In studies comparing omnivorous diets with plant-based diets, circulating levels of TMAO are significantly lower in plant-based diets [15]. Understanding these dietary effects is essential for linking alterations in the gut microbiome to systemic health outcomes. To date, limited research has been conducted on the effects of lifestyle interventions that specifically target a generally healthy population. Therefore, the objective of this study was to assess the impact of a six-month lifestyle intervention on circulating TMAO levels among participants in apparently good health.

2. Materials and Methods

2.1. Study Design

The present study focuses on the third cohort of the HLCP; it is based on interventional, non-randomized studies designed for the prevention and treatment of lifestyle-related diseases. This study was registered as intervention study in the German Clinical Trials Register (DRKS; reference: DRKS00018846; www.drks.de).
The lifestyle program served as the intervention group, while the control group received standard care with no intervention at all. Randomization was not possible in this study [8]. To ensure that participants in the control group were not aware of the lifestyle advice given to the intervention group, both groups were recruited from two different small towns. The intervention was conducted in Billerbeck, while the control group was located in Legden. Due to a shortage of staff and time, it was not feasible to recruit new participants for both research arms simultaneously, and the funding was only available for a limited period. As a result, with equal follow-up intervals, the intervention group commenced six months sooner than the control group. Cohort three was not a controlled study, but we utilized the opportunity presented by the availability of the two-point measurements (baseline and six-month follow-up) from the participant samples of the control group of cohort two. This provided the baseline and six-month follow-up measurements. Assessments were made at baseline (March 2019) (t0) and after six months (October 2019) (t2). Baseline (t0) health checks for the control group were completed at the end of (October 2019), and six-month health checks took place in (June 2020) (t2), showed at Figure 1a,b. The study intentionally selected a distant city for the control group to avoid inadvertent exposure to awareness of the program through social connections. Otherwise, the inhabitants of both cities have nearly the same dietary habits and lifestyles.

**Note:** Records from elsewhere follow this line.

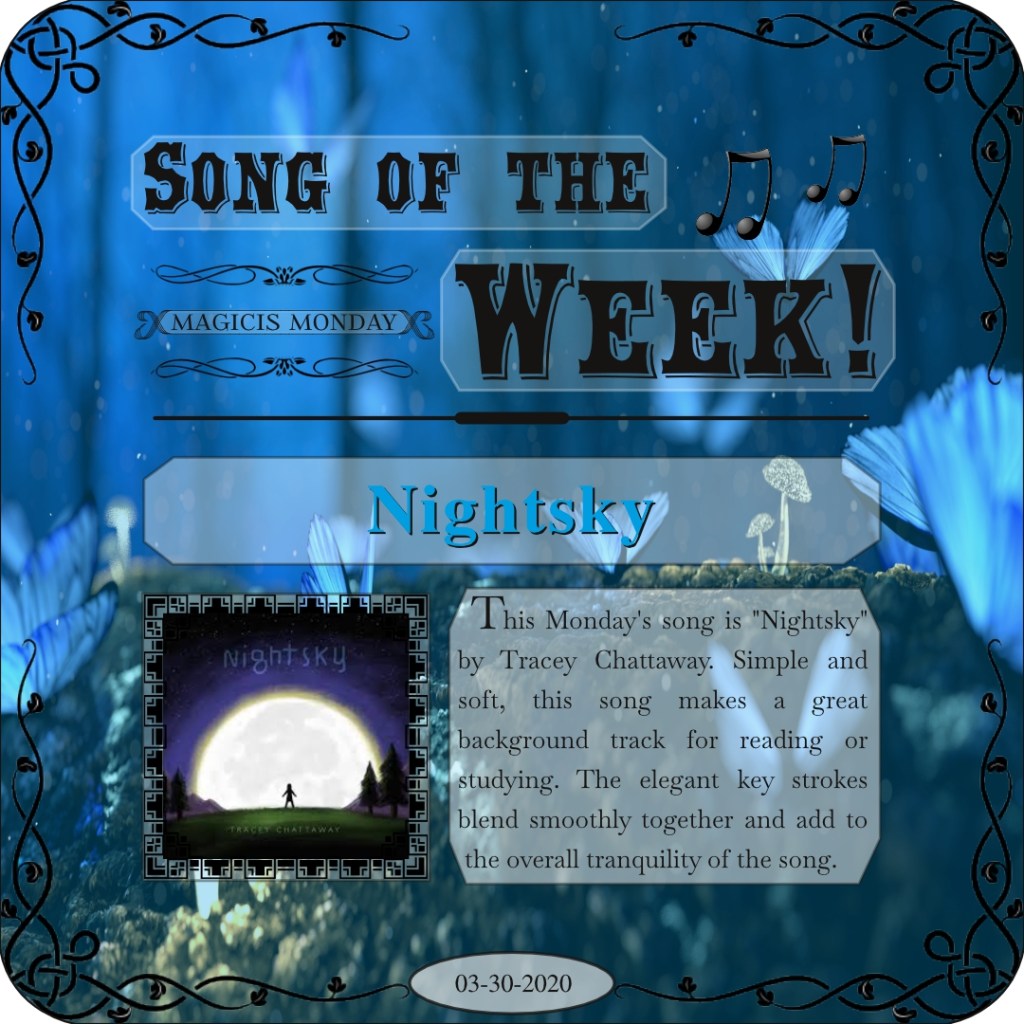 This Monday’s song is “Nightsky” by Tracey Chattaway. Simple and soft, this song makes a great background track for reading or studying. The elegant key strokes blend smoothly together and add to the overall tranquility of the song.
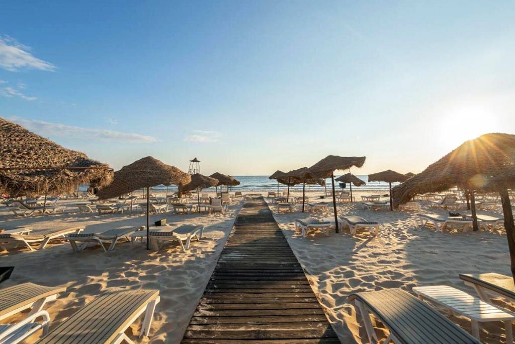 Bienvenue au Marhaba Beach 4* ! Ce « resort », pieds dans l’eau, vous invite au confort, à la détente et au plaisir. Installé sur une plage privée de sable fin, à deux pas de la médina de Sousse, l’établissement bénéficie d’un cadre exceptionnel entre mer turquoise, palmiers et jardins luxuriants. Les chambres au design élégant arabo-mauresque, sont toutes climatisées, dotées de balcon ou terrasse et garantissent un confort moderne au cœur d’un cadre chaleureux et raffiné. La formule « Tout compris » vous entraine dans une valse gustative aux saveurs et aux senteurs qui vous séduiront, tandis que les différents bars vous proposeront un moment de détente pour siroter un cocktail tout en partageant vos expériences…. Côté détente et relaxation, 3 piscines dont une pour enfants et un espace bien-être sont à votre disposition pour profiter au maximum de votre séjour. Les plus sportifs participeront aux nombreuses activités en journée et en soirée. Idéalement situé, vous pourrez facilement allier découvertes et farniente afin de vous imprégner de cette magnifique région.
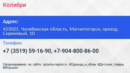 Колибри по адресу 455021, Челябинская область, Магнитогорск, проезд Сиреневый, 10 в дальнейшем Организация, размещена в следующих категориях:

Both groups were statistically comparable, with analyses adjusted for factors such as age, income, gender, educational level, BMI, and smoking. Participants were approximately matched on their BMI and obesity percentage, with no significant differences between groups (p > 0.05). This effective matching minimized baseline disparities related to body composition metrics, ensuring a more accurate evaluation of the program’s impact.

2.2. Participants

Participants who met the cognitive requirements and were at least 18 years old were recruited, flow chart of participants is shown at Figure 2. The research adhered to the principles outlined in the Declaration of Helsinki, with the necessary approvals from the ethics committees of the Westphalia-Lippe Medical Association and Muenster (Münster, Germany; reference for intervention group: 2019-142-f-S, approved 12 March 2019; reference for control group: 2018-171-f-S, approved 4 April 2018),All participants granted informed assent in writing.

2.3. Intervention

The planned intervention in HLCP-3 is a community-based approach to promoting a healthy lifestyle, as previously described [8]. As part of an initial examination (i.e., a health check), an individual risk profile was created for each participant. After ten weeks and six months of follow-up, an analysis was carried out to determine any changes in the parameters over time, as shown in Figure 2.
The intervention was divided into two phases: an intensive phase, which lasted for the initial ten weeks, and an alumni phase, which was less rigorous, lasting from the tenth week until the conclusion of the study. In the intensive phase, 14 seminars and 8 workshops were held. The recommended lifestyle includes at least 30 min of exercise/day and a switch to a healthier diet. The seminar topics centered on a plant-based diet, and the first 10 weeks (the intense phase) of the lifestyle intervention comprised 14 consecutive seminars; the remaining portion of the intervention was made up of monthly seminars, community support motivation, healthy levels of physical activity, and the management of psychological stress, with a strong emphasis on dietary modifications. The seminars encompassed brief practical units, such as cookery demonstrations or sessions with invited visitors, including local general practitioners. In addition to the cookery classes, a guided purchasing tour, archery and table tennis workshops, and a relaxation workshop in nature, participants were granted the opportunity to participate in eight additional workshops in smaller groups (approximately 20 participants each; each workshop lasted one hour).
The dietary recommendations consisted of a shift toward a plant-based, healthy diet, which involved the consumption of a greater variety of plant-based foods (such as fruits, vegetables, legumes, whole grains, nuts, seeds, and healthy oils) and a reduction in the consumption of meat, butter, full-fat dairy, eggs, salt, added sugars, and highly processed foods. Additionally, the participants were advised to reduce alcohol consumption.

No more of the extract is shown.